Data extracts>
■ ■ ■ ■
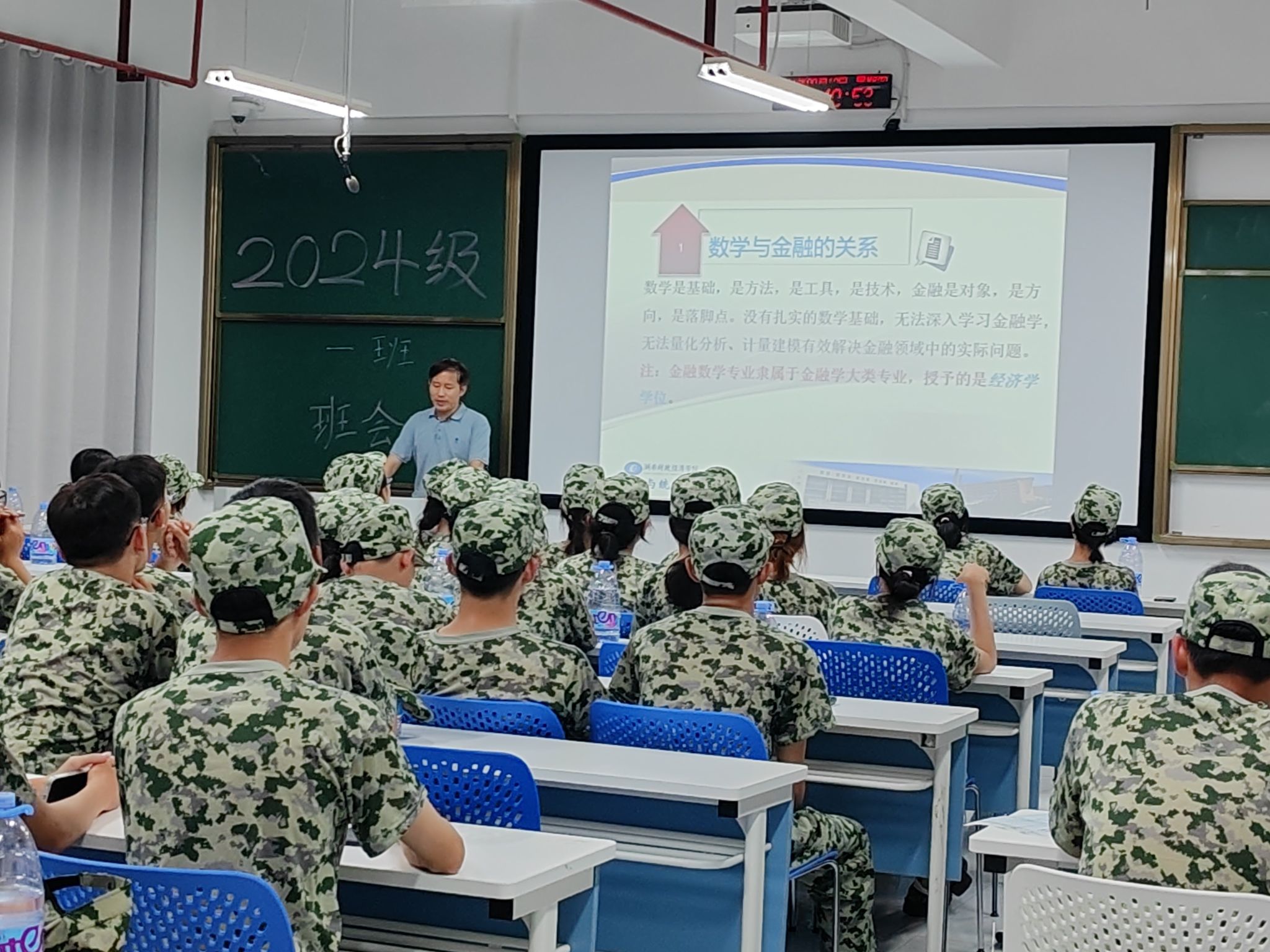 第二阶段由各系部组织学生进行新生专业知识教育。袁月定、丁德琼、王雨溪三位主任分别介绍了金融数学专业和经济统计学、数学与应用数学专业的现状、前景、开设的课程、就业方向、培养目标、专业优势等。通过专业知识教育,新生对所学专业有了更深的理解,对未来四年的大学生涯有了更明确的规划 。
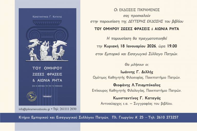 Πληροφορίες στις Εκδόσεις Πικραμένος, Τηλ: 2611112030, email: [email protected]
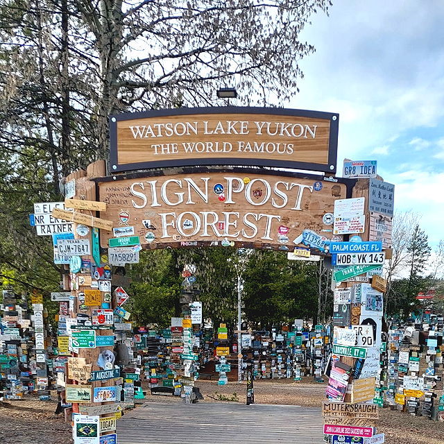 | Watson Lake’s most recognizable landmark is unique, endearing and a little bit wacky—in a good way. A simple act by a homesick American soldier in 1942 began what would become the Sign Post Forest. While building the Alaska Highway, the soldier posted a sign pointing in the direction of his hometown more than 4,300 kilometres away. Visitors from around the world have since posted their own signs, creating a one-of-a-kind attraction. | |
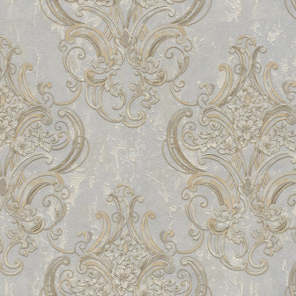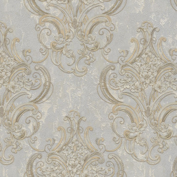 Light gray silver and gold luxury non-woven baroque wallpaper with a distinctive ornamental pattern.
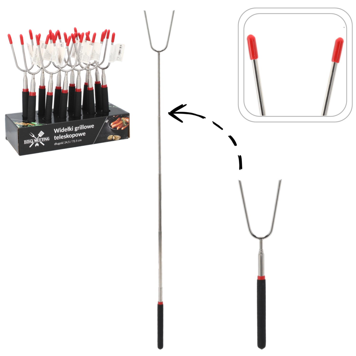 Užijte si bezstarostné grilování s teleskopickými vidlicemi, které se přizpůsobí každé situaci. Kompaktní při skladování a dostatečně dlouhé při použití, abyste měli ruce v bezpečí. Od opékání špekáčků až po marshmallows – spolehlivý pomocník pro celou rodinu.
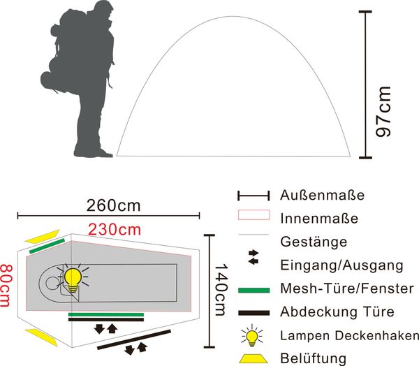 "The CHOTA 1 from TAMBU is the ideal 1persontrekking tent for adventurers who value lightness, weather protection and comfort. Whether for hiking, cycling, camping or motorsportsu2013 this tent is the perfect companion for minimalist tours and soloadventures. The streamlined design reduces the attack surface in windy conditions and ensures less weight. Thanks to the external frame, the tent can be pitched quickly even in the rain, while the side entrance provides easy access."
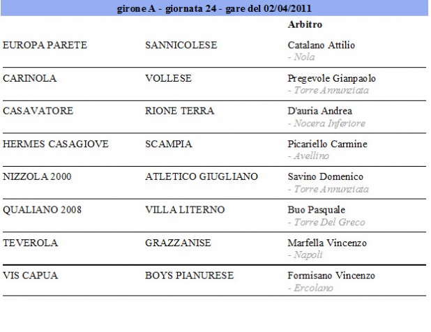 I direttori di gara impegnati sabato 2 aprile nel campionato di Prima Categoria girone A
■ ■ ■ ■
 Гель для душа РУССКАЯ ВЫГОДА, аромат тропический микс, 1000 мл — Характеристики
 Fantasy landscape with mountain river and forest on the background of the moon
■ ■ ■ ■
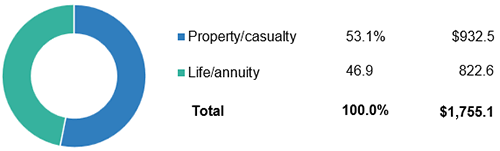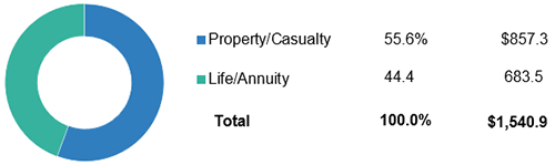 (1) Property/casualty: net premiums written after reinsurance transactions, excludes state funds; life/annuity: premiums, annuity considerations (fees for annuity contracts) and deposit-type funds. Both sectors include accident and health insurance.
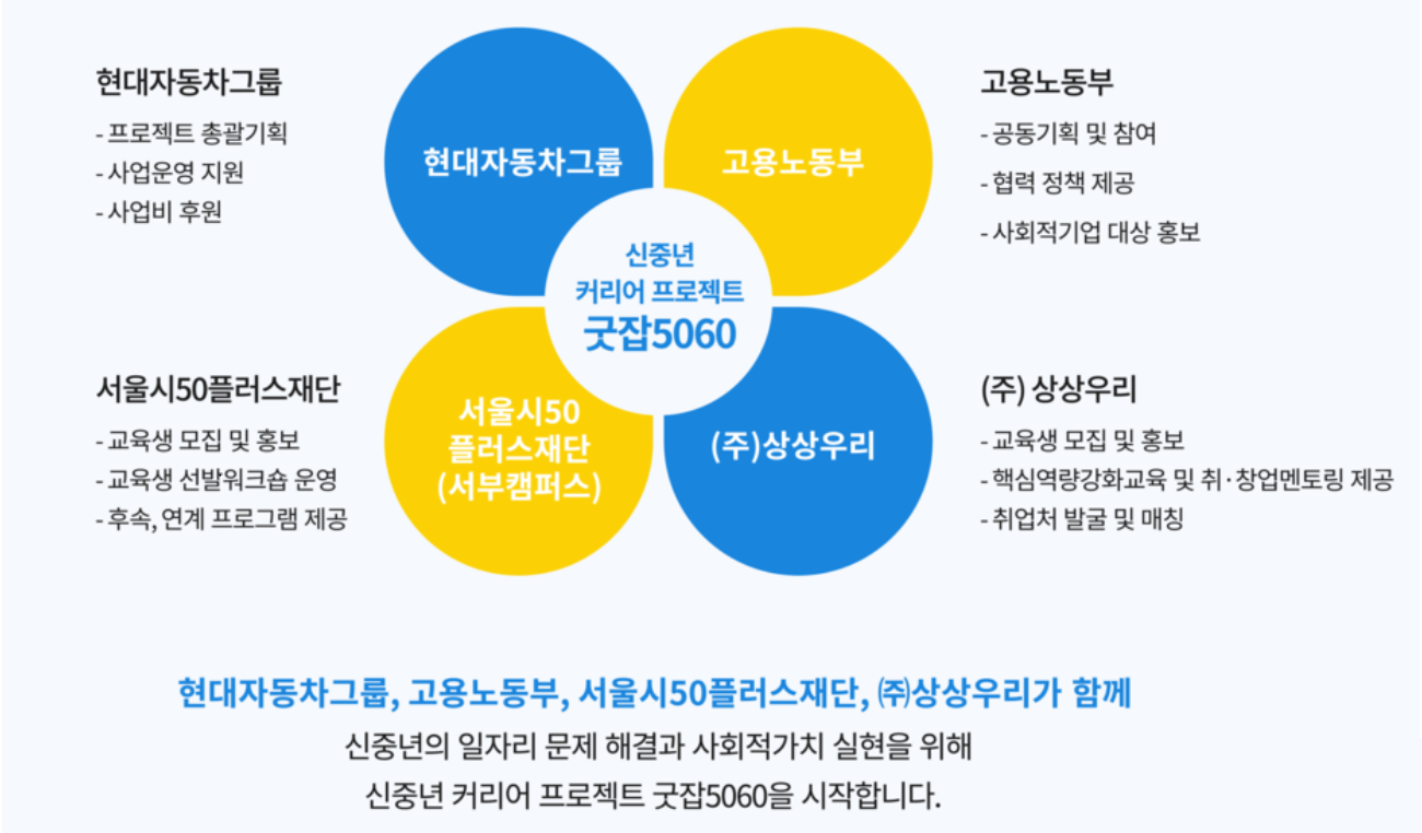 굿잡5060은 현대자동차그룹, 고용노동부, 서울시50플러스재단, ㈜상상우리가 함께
■ ■ ■ ■
Directions for this task> Take the material above from the line bearing "Light gray silver" through the line bearing "Užijte si bezstarostné" and write it out exactly, both end lines included. Pictures stay out.

Solution for this task>
 Light gray silver and gold luxury non-woven baroque wallpaper with a distinctive ornamental pattern.
 Užijte si bezstarostné grilování s teleskopickými vidlicemi, které se přizpůsobí každé situaci. Kompaktní při skladování a dostatečně dlouhé při použití, abyste měli ruce v bezpečí. Od opékání špekáčků až po marshmallows – spolehlivý pomocník pro celou rodinu.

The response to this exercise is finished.